• EXERCISE REQUIREMENTS: The material below includes pictures; leave them out and return only the lines between the line containing "Латунные микро проложить" and the line containing "朝の会をしている頃に階段を上", inclusive, word for word.

• STUDY MATERIAL:
BEGIN
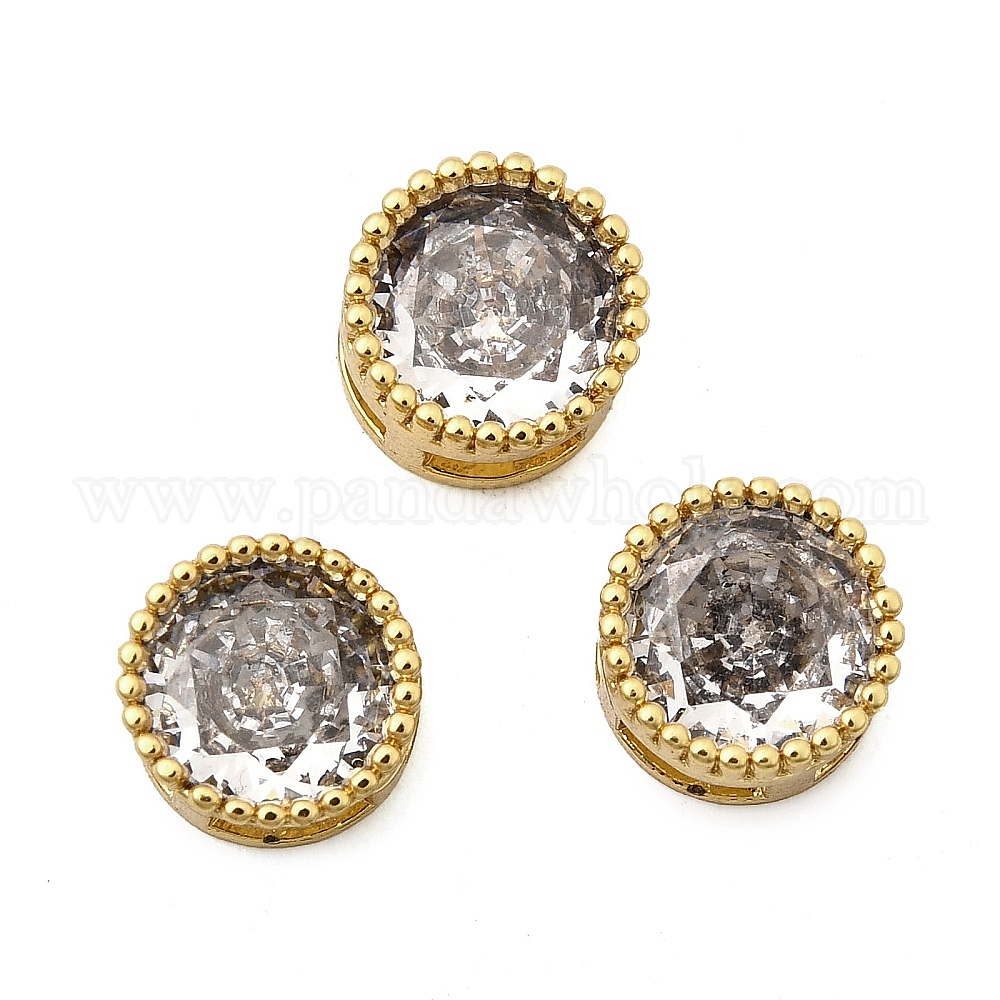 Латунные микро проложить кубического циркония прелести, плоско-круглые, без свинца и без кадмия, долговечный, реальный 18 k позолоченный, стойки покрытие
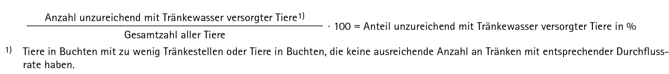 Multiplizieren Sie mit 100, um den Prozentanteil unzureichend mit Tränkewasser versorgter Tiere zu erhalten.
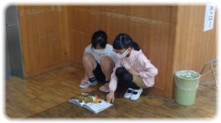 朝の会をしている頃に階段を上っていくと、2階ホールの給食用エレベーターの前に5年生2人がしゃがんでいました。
END
BEGIN
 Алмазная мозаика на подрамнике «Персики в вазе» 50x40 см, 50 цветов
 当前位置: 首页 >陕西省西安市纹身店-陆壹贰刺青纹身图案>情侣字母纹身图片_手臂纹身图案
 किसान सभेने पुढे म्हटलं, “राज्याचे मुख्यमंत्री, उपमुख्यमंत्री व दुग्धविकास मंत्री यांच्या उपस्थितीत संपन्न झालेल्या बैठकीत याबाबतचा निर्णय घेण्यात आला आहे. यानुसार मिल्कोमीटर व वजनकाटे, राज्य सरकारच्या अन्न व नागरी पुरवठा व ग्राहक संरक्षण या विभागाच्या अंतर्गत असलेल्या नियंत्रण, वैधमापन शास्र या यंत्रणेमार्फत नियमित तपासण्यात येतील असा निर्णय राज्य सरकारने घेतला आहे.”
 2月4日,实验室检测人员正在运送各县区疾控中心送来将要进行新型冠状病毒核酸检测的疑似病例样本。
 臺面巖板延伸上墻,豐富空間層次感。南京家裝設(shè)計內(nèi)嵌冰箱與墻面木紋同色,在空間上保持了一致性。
END
• OUTPUT FOR THIS EXERCISE:
 Латунные микро проложить кубического циркония прелести, плоско-круглые, без свинца и без кадмия, долговечный, реальный 18 k позолоченный, стойки покрытие
 Multiplizieren Sie mit 100, um den Prozentanteil unzureichend mit Tränkewasser versorgter Tiere zu erhalten.
 朝の会をしている頃に階段を上っていくと、2階ホールの給食用エレベーターの前に5年生2人がしゃがんでいました。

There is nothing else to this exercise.